> **The task**
Reproduce exactly only the lines from the line that holds "Набор имеет гладкую" to the line that holds "Cotton jersey T-shirt.", inclusive, in the listing below, and please leave out every picture.

> **Provided material**
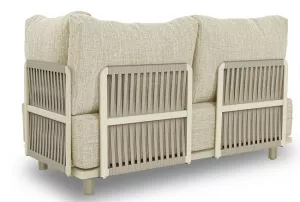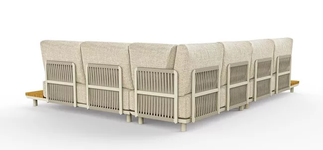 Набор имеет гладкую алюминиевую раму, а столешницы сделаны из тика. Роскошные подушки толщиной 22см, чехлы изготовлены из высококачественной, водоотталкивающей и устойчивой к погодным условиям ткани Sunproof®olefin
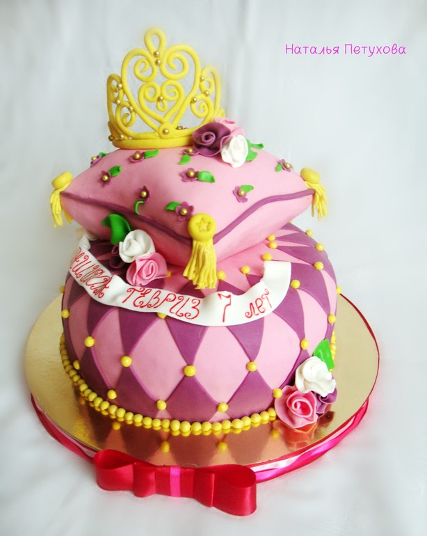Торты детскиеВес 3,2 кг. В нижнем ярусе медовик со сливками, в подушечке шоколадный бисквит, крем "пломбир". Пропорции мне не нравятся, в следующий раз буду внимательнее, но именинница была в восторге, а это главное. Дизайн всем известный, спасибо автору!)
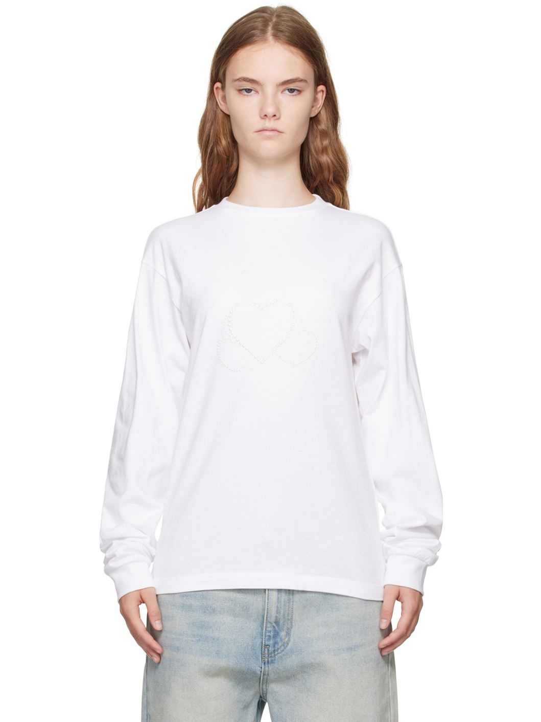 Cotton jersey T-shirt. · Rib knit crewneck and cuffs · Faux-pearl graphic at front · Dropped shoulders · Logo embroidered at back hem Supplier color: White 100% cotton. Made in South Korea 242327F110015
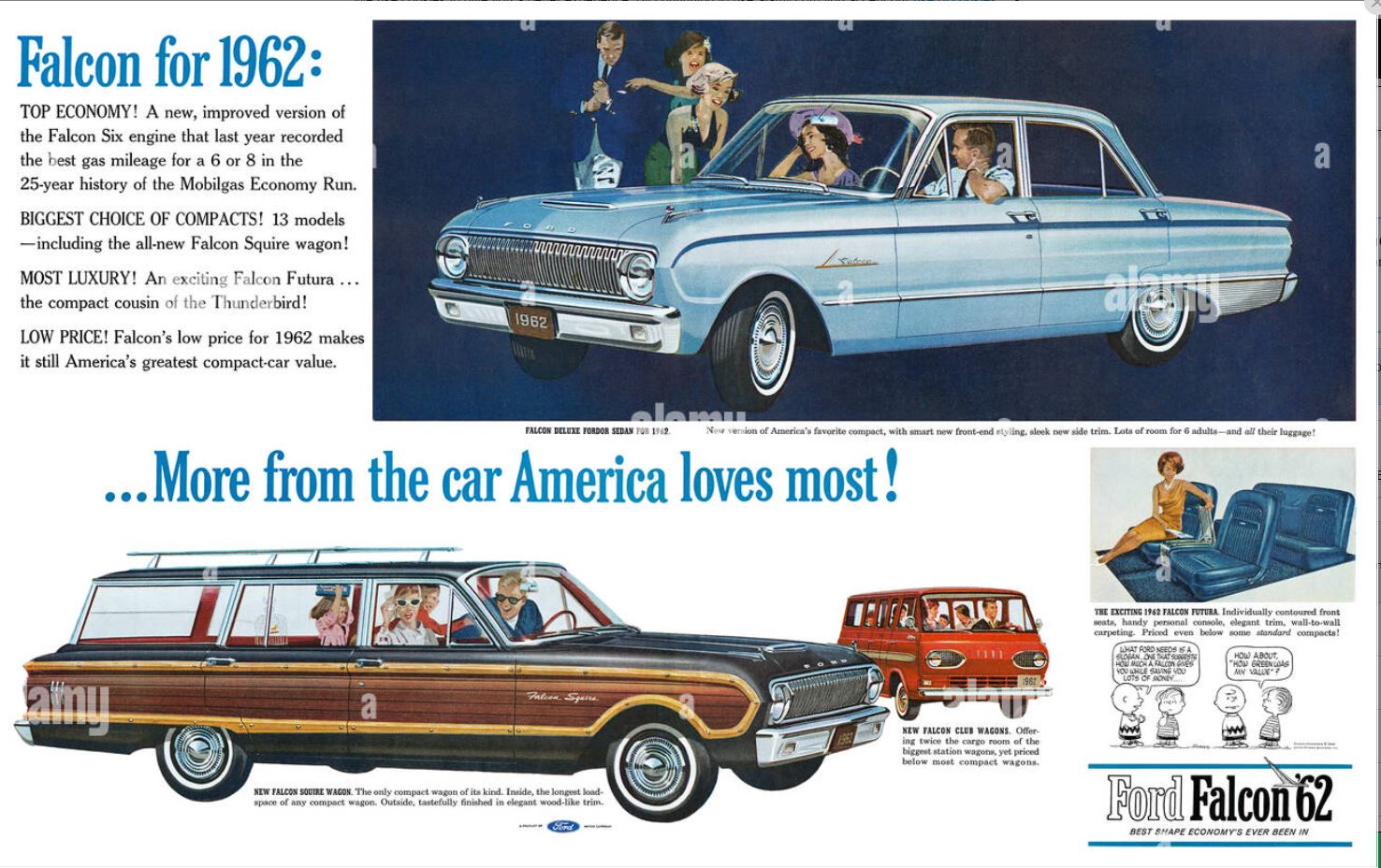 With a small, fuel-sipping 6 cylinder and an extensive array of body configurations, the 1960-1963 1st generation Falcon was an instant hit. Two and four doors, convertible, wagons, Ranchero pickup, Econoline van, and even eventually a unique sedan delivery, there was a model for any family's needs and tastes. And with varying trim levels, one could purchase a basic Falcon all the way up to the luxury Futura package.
...
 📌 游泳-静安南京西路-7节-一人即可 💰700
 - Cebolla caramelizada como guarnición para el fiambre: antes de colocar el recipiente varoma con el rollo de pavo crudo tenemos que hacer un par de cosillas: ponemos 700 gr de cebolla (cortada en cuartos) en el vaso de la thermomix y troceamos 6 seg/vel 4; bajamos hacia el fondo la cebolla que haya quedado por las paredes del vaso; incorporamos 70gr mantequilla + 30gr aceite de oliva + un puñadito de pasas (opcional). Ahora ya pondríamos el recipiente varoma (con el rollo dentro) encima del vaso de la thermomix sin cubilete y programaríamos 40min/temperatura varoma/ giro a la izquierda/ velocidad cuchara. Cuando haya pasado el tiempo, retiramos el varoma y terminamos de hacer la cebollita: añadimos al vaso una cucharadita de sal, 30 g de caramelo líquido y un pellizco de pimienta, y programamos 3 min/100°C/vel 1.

> **Reply to the exercise**
 Набор имеет гладкую алюминиевую раму, а столешницы сделаны из тика. Роскошные подушки толщиной 22см, чехлы изготовлены из высококачественной, водоотталкивающей и устойчивой к погодным условиям ткани Sunproof®olefin
Торты детскиеВес 3,2 кг. В нижнем ярусе медовик со сливками, в подушечке шоколадный бисквит, крем "пломбир". Пропорции мне не нравятся, в следующий раз буду внимательнее, но именинница была в восторге, а это главное. Дизайн всем известный, спасибо автору!)
 Cotton jersey T-shirt. · Rib knit crewneck and cuffs · Faux-pearl graphic at front · Dropped shoulders · Logo embroidered at back hem Supplier color: White 100% cotton. Made in South Korea 242327F110015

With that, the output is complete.